Matthew Elliott, co-founder and chief executive of the TaxPayers' Alliance, answers your questions:
TaxCutter: Do you think the Taxpayers' Alliance would have become the, thankfully, successful group it has, had the Conservatives in recent years countered the government with a more traditional tax cutting policy? What do you think is the most effective way on an issue such as tax of changing or forming public opinion?
With the exception of the United States (where I’m replying to these questions from the National Taxpayers’ Union conference), taxpayer groups only generally succeed where there isn’t a major party committed to lower taxes. There wasn’t a pressing need for a TaxPayers’ Alliance when Margaret Thatcher was Prime Minister – Geoffrey Howe and Nigel Lawson did a great job cutting taxes – but as soon as taxes began to rise under John Major the political space emerged for a UK taxpayer group. Now the TaxPayers’ Alliance has emerged, I hope that it has a role to play regardless of the future positions taken by the political parties, because taxpayers desperately need a group to represent them in the corridors of power and to provide some counterbalance to the countless groups arguing for more spending and therefore higher taxes.
Regarding public opinion, you are absolutely right that this is the key. If I go to a politician with a 100 page pamphlet setting out the case for lower taxes, the chances are that their eyes will glaze over and they’ll put it in the round file once I’ve left the room. However, if I give them an opinion poll demonstrating that people in their part of the country want lower taxes and show them a leaflet that our activists are delivering in their constituency calling for lower taxes, there’s a chance they’ll take an interest. This is why our focus is on changing public opinion and the way that we’re doing this is to demonstrate that their money is being wasted, to show that there is room for tax cuts and to show how lower taxes help families and create jobs.

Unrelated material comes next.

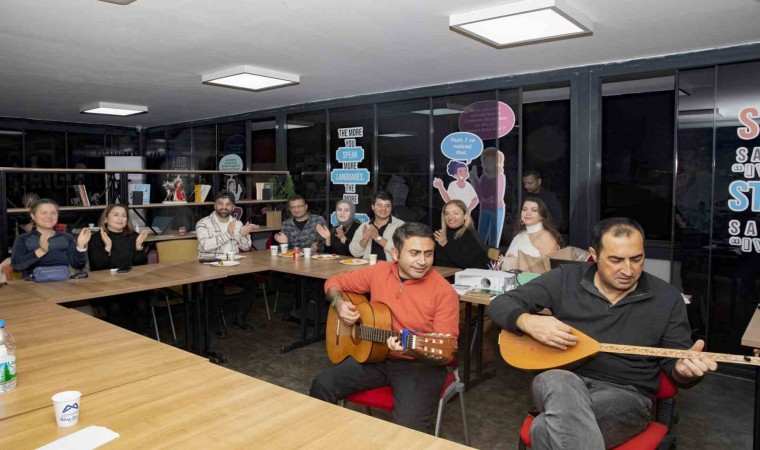 Sosyal Hizmetler Dairesi Başkanlığı bünyesinde faaliyetlerini sürdüren ’Hello Mersin’ yabancı dil kulübü kursiyerleri,’Hello Mersin’ yabancı dil kulübü kursiyerleri de yeni yılın gelişini kutladı. İngilizce ve Almanca’da kendilerini geliştirmek isteyen Mersinlilerin severek katıldığı kulüpte kursiyerler, hem yeni yılın gelişini kutlamak, hem de kaynaşmak için etkinlik düzenledi. Yanlarında getirdikleri müzik aletleri eşliğinde şarkılar seslendiren kursiyerler, yeni yıldan dilek ve beklentilerini paylaştı, çekilişle hediyeleşerek moral buldu.

Umbrella Man: You started TPA only a few years ago and it's grown very fast. What advice would you give to someone starting something similar?

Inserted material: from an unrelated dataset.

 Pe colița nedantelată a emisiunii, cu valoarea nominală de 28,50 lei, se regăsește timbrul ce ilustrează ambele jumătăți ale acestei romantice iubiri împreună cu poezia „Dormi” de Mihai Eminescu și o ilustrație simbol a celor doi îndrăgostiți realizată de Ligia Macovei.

The key reason for the TPA’s success, Umbrella Man, is that we represent a group in society – taxpayers – who are incredibly important but who have never had a unified voice in the media. When I worked at the European Foundation, I saw how Business for Sterling managed to dominate the European debate within a short period of time by running a competent media campaign and by building a credible coalition of support for their position, representing every group from businessmen to trades unionists to environmentalists. My advice to new groups would be to establish yourself as a single-issue campaign group. I think the age where the media automatically reported every new publication from a multi-issue think-tank, just because it represented the view of an expert sitting in SW1, has gone. The cost of political action has massively fallen, allowing organisations to emerge that represent disparate groups of people. If you can credibly claim to represent a certain group or point of view in society, you will be successful because you will get media coverage.